Williams, like many people who suffer from addiction, had his first taste of drugs in high school.

In fact, it was his high school coach who introduced him to steroids.

“Do you want to play football after high school?” his coached asked him.

Seventeen-year-old Williams said yes.

“He was actually the one who shot me up,” he said.

The improved performance on the field made him feel “a part of” his community and opened doors for him to drink obsessively at parties and other social functions, he said.

He said he often found himself finishing drinks other people couldn’t.

“My addiction wasn’t a problem at the start. … I thought I could control it,” he said.

But he admitted to himself shortly after that “you don’t control addiction; addiction controls you.”

Williams, after a divorce from his wife of 15 years, substantial prison time, and multiple failed attempts to recover, walked into San Antonio Recovery Center, where he finally found his path to recovery under the guidance of a counselor there.

The event on campus drew people from various walks of life.

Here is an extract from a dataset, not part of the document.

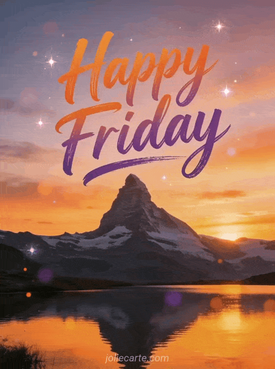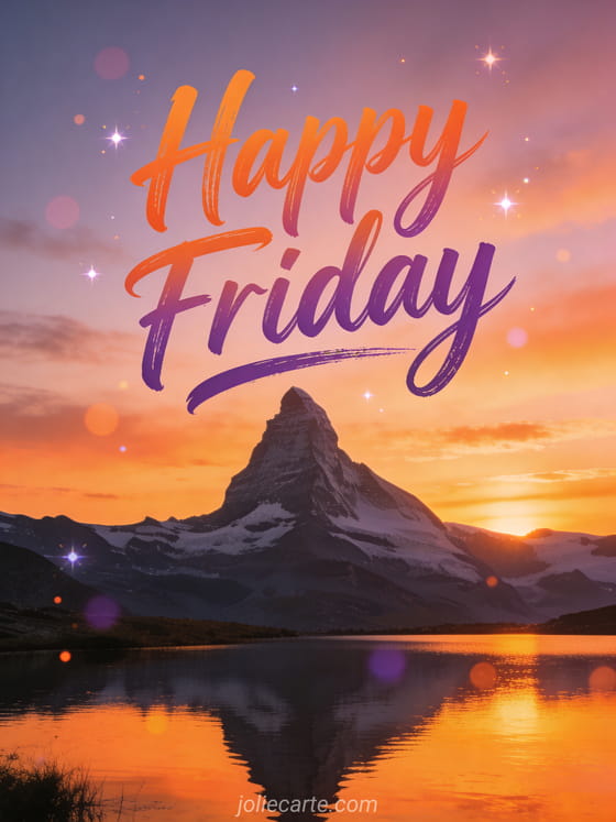 Share a breathtaking happy friday greeting with artistic orange and purple calligraphy, a mountain silhouette at sunset and a calm lake reflecting the orange sky. Discover also an animated happy friday card, a happy friday everyone gif or a funny happy friday humor card.
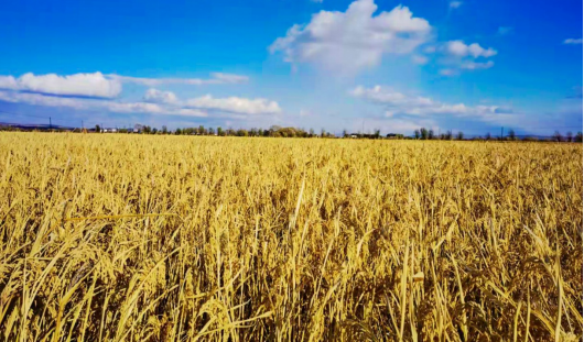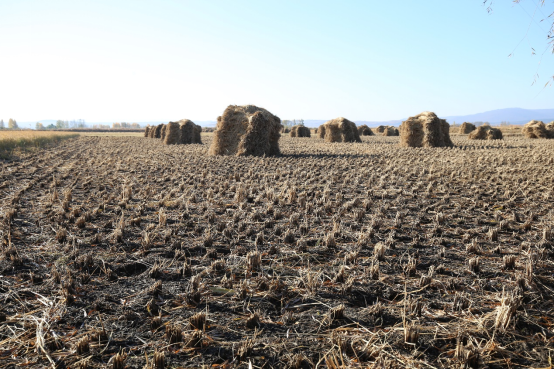 金秋十月,水稻已经成熟,金色的麦穗在田间等待落霜。在寒冷的东北黑土地上,空气干燥,水稻在田间自然风干。

There were young people, such as the president of the Human Services Club, Roy Perez, who is early on a path to recovery, and older people, such as Rosie Hardeman, 49, who was addicted to crack cocaine and was evaluated by Judge Melisa Skinner of the 290th Criminal District Court, for Felony Drug Court.

“I went to drug court under Judge Ernie Glenn and it saved my life,” Hardeman said in an interview at the event.

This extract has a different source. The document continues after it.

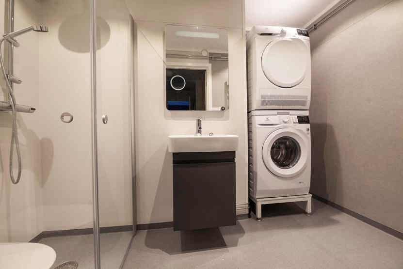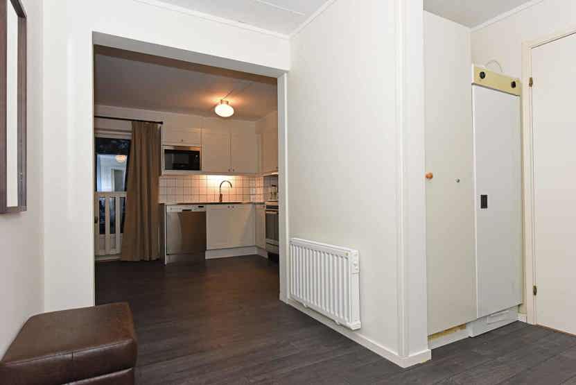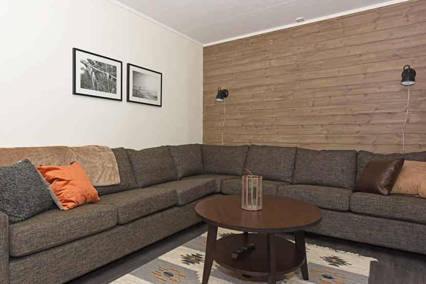Opholdsstue med køkkenafdeling. TV, vaskemaskine, tørretumbler, tørreskab, rum til skiudstyr.

According to the National Institute of Justice website, www.nij.gov, “Drug courts are specialized court docket programs that target criminal defendants and offenders, juvenile offenders, and parents with pending child welfare cases who have alcohol and other drug dependency problems.”

The speakers not only touched on their journey to recovery but never let pass the opportunity to give advice.

“One of the things about recovery is we keep it, then we give it off, we don’t hoard,” Benitez said.

The next Recovery Speaker Smash will be in January, though the event is not yet scheduled.